I found they had been very helpful and contributes greatly to research and study for my workflow. It allows me to quickly adjust my workflow in a hands-on way, avoid repeated mistakes, build more meaningful tools and methods, explore different frameworks, and gain clearer product definitions.
I use NotebookLM to systematize my documents and notes, while employing GPT to explore frameworks and clarify scope, architecture, and pipelines. I also use Grok in a more conservative way, which I really appreciate. It helps me stay grounded and realistic by engaging with real-world data, surveys, audits, and measurements before moving into project planning. In that sense, Grok helps challenge assumptions and debate scope and definitions. Meanwhile, Claude is very useful for quietly assisting with hands-on tasks and helping produce practical tools that I can apply directly in manual workflows.
I’ve also noticed some mismatches online when people discuss AI in the context of VFX and animation. Many conversations confuse generative AI (for images or video) with AI used for automation, reasoning, or workflow support. These are very different applications. In production environments, AI is often more useful for speeding up processes, reducing repeated mistakes, and helping frame the correct scope of a project.
For technical and visual production, it’s important to clarify what type of AI we are actually referring to before discussing solutions. Doing so helps align both the questions and the answers, ensuring everyone is on the same page. This kind of clarity creates the constructive and energetic discussions that I always appreciate when engaging with the Houdini/Technical Art community.
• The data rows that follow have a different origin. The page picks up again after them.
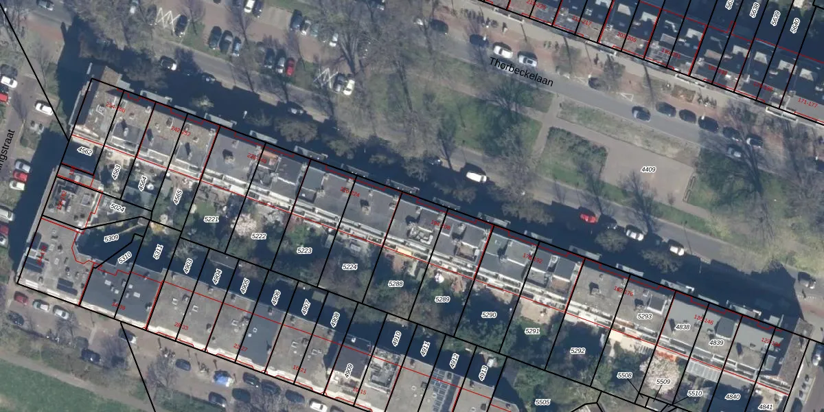Thorbeckelaan 206 is gelegen op kadastraal perceel LDN03I5288. Deze kadastrale aanduiding is uniek en wordt gebruikt door het Kadaster om eigendomsrechten en andere zakelijke rechten vast te leggen. Het perceel maakt onderdeel uit van de kadastrale gemeente Loosduinen.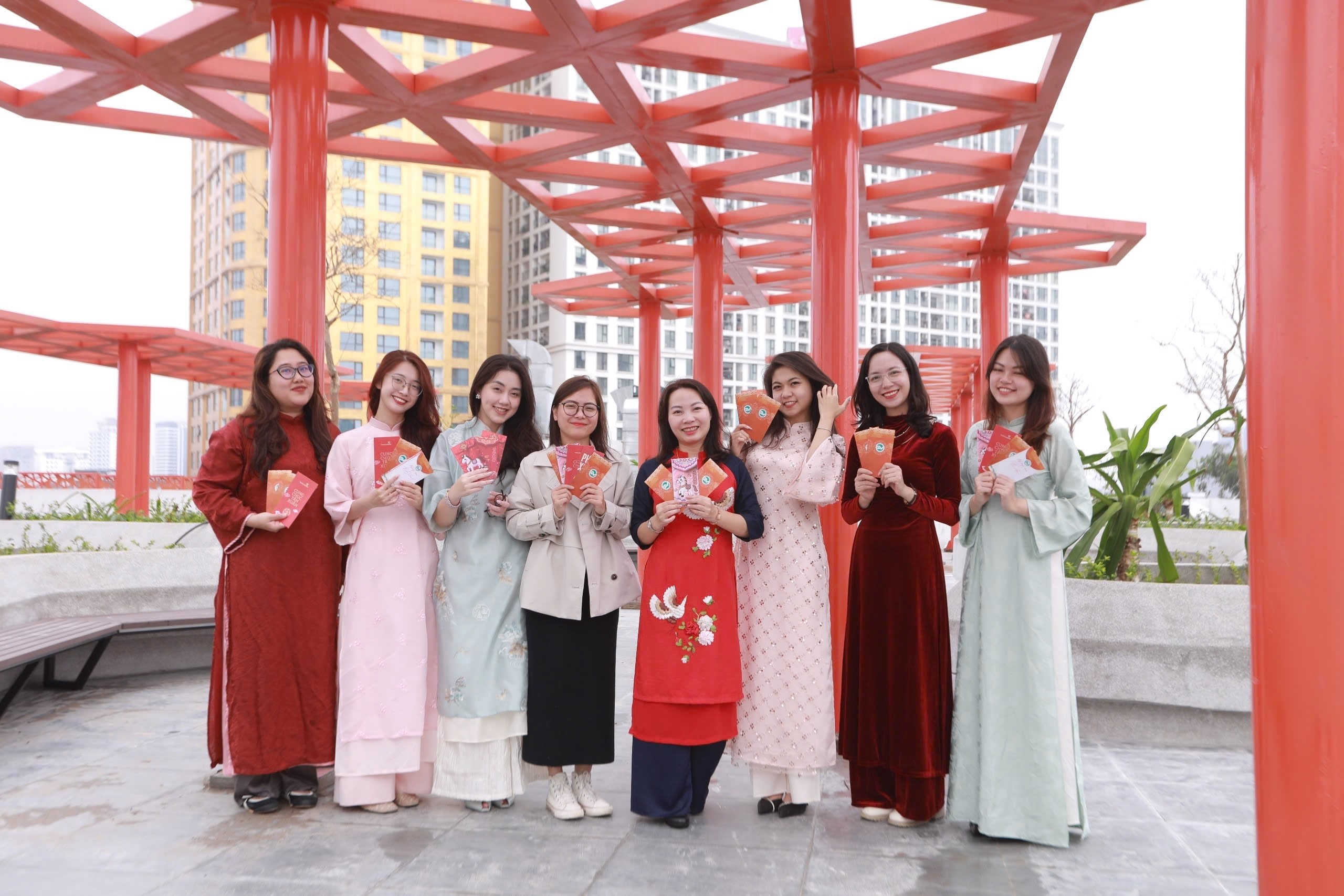 Cô giáo Nguyễn Ngọc Anh (áo dài đỏ đứng giữa) cùng Tổ Ngoại ngữ – lực lượng nòng cốt trong công tác bồi dưỡng học sinh đạt thành tích cao tại IOE.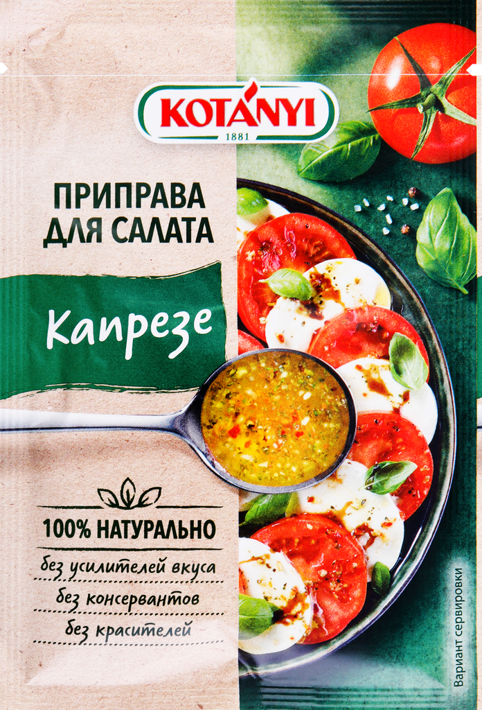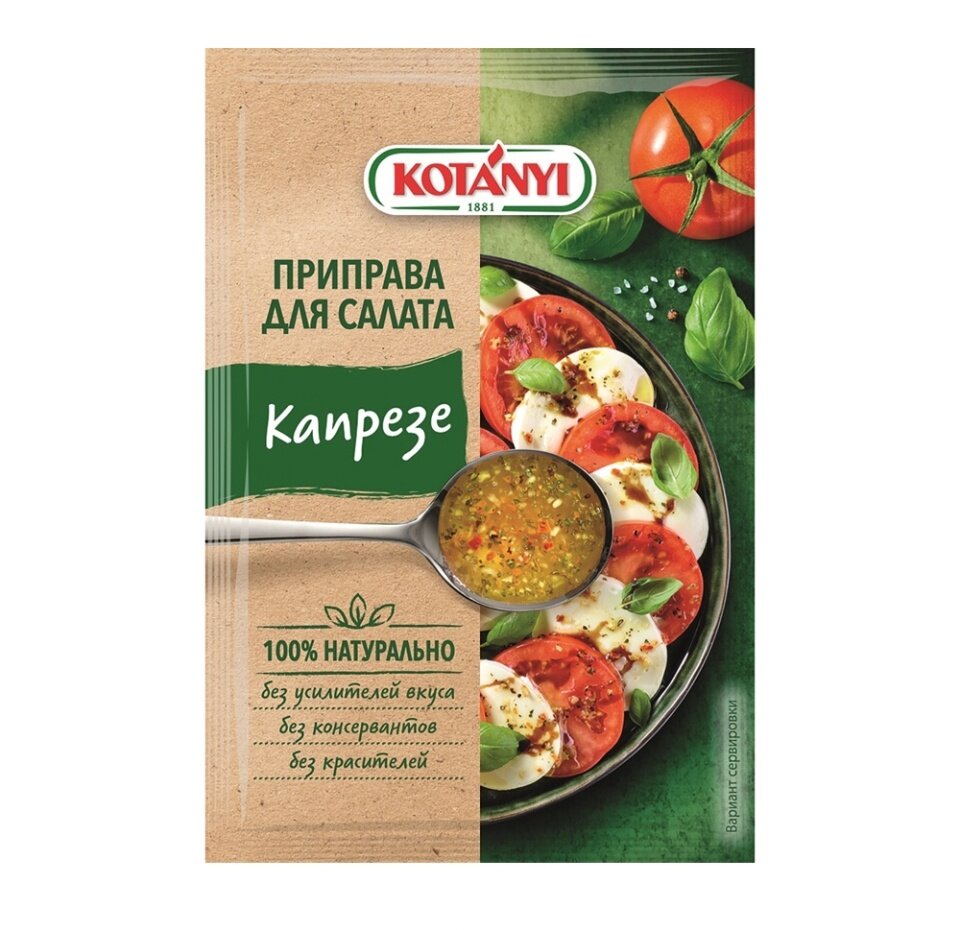 Всемирно известный итальянский салат теперь можно приготовить у вас дома! Томаты, моцарелла, оливковое масло и, конечно же, оригинальная заправка. Все необходимые специи для заправки в пакетике KOTANYI.
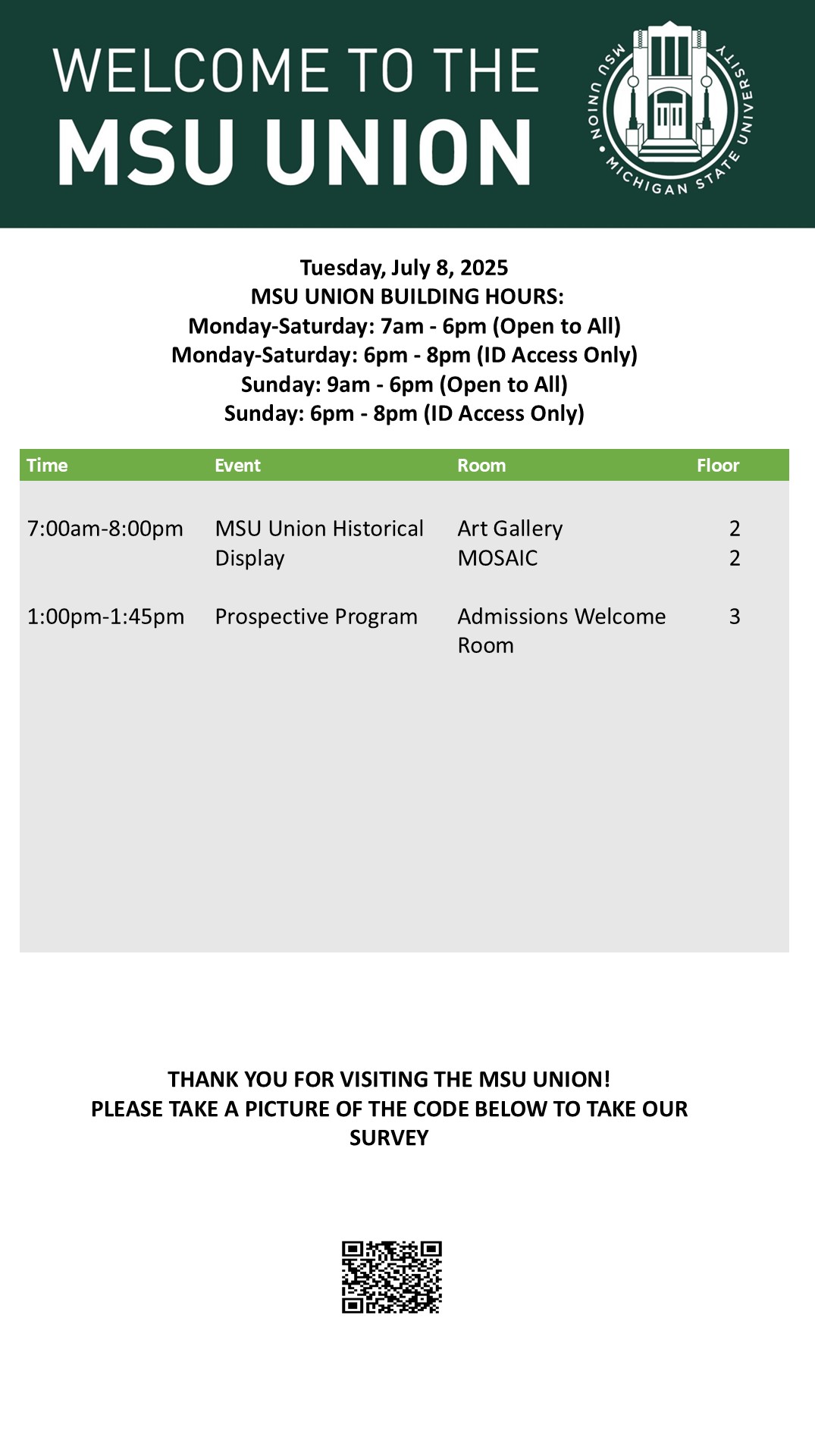 By spitzka, Wed, 07/02/2025 - 14:09 Creator: spitzka Area: MSU Union (Temp Schedule) Type: Academic Title: 7.8.25 Subheader: Body Copy: Active Dates: Tue, 07/08/2025 - 05:00 - Tue, 07/08/2025 - 23:59 Preview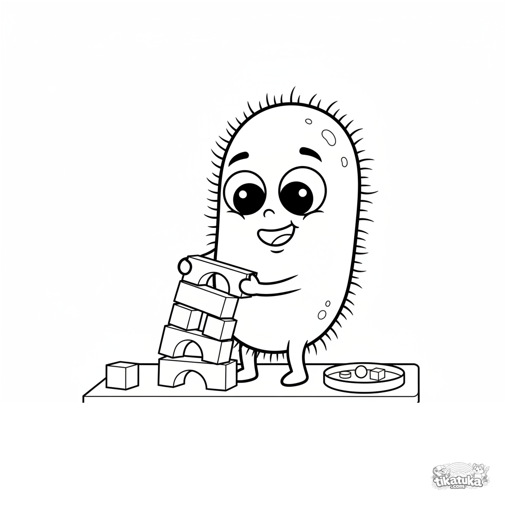 Página simple y divertida para colorear de una bacteria amigable construyendo una torre de bloques. Para niños pequeños de 2 a 5 años. Microbio con ojos grandes en un portaobjetos.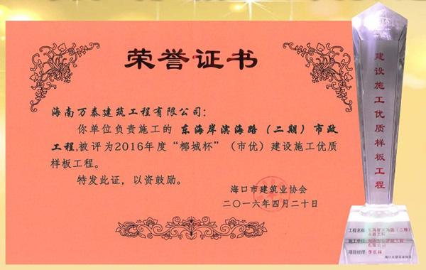 2016年4月,由公司承建的“東海岸濱海路(二期)”工程,榮獲2016年度“椰城杯(市優(yōu))建設(shè)施工優(yōu)質(zhì)樣板工程”。

These things remind me of the Houdini community when I first tried to break in from scratch. There were many mysteries and untold details, sometimes things people preferred not to share, especially when there was no clear commercial benefit. Over time, I realized that sharing knowledge is actually a way for me to learn more myself.
In reality, only a small number of people will truly understand these ideas and extract what is useful for their own workflows, allowing them to evolve. Meanwhile, AI is advancing rapidly, often faster than major corporations can fully realize. Because of that, I feel comfortable sharing new discoveries, while still valuing the importance of revisiting old topics, practicing fundamentals, and digging deeper into the foundations.
In the end, strong fundamentals are what improve real understanding, not hype, marketing scam, or FOMO driven trends that produce flashy ideas but vanishes within weeks.